夏花火に乾杯
南砂 碧海
第1話
日本国内で蔓延した感染症で中止されていた夏祭りは久しぶりに解禁された。八月一日の夜七時、夜空に最初の花火が打ち上げられた。地方の小さな祭りのエンディングだったが、それでも川沿いの会場は、沢山の人で埋め尽くされていた。ある人は浴衣で、ある人はTシャツで、ある人はネクタイのまま参加するなどスタイルは様々だった。
その中で祭りを見物していた気になるグループがあった。彼らは、ジョッキや祭りで使うクリアなコップではなく、大き目の透明なワイングラスを持ち寄っていた。その中に、透明なガラス球を入れてビールを注いでいる。ラムネのガラス球にしては大きい。タイミングを待っているようだ。

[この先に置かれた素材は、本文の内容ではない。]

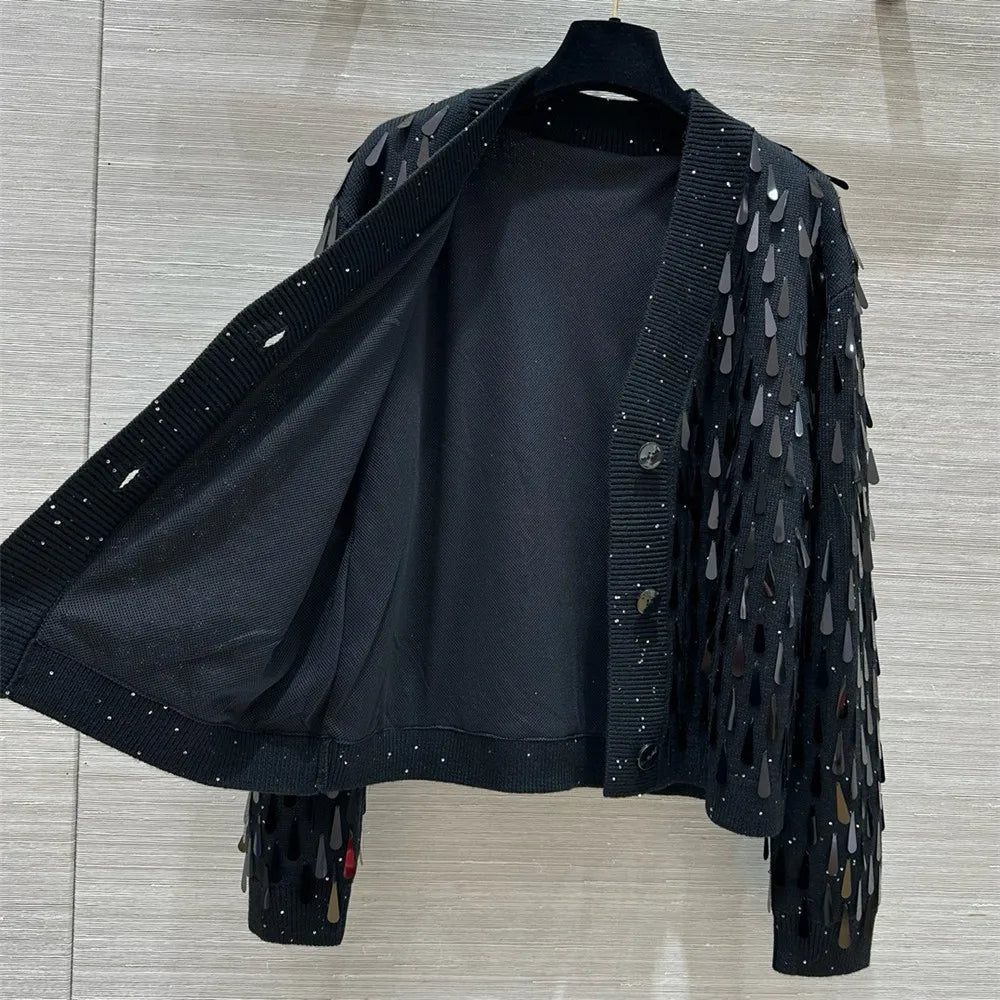Women's Wool V-Neck Knitted Water Drop Sequins 2 Piece Set

面倒なことをする人達だなと思いながらも、空に花火が打ち上がると、彼らの様子は気にならなくなった。花火が連続で打ち上げられると彼らの様相が変わった。暗い会場の中は、花火が打ち上がる度に手元が明るくなる。彼らのグループは、花火の輝きで若い女性一人と若い男性八人だと分かった。八つの注いだワイングラスを高く空に掲げ円陣を組んだ。円陣の中には、浴衣姿の若き女性が立ち、神主が持つような木の棒に紙垂れがついた大麻(おおぬさ)のような物を持ち立っている。打ち上げられた花火が、彼らのグラスの液体を七変化させた。それぞれのグラスの中のガラス球は明るく光り、仁…義…礼…智…忠…信…考…悌…の文字がそれぞれ浮かび上がった。若い女性と八人の男性は、グラスを高く掲げ「怨霊退散。」と声を上げて乾杯をした。
花火の音で打ち消され誰も気付かない。続けて打ち上げられた花火が、八人の若者の影を映し出すと、彼らの影は、一人の姫を囲む八匹の犬の影に変化した。中央の伏姫と八犬士の影が、何回もの夏花火の打ち上げで繰り返し映し出されていたが、誰も気づく事はなかった。彼らは、どんな怨霊を退散させたのだろうかと夏の花火が作る影を見つめていた。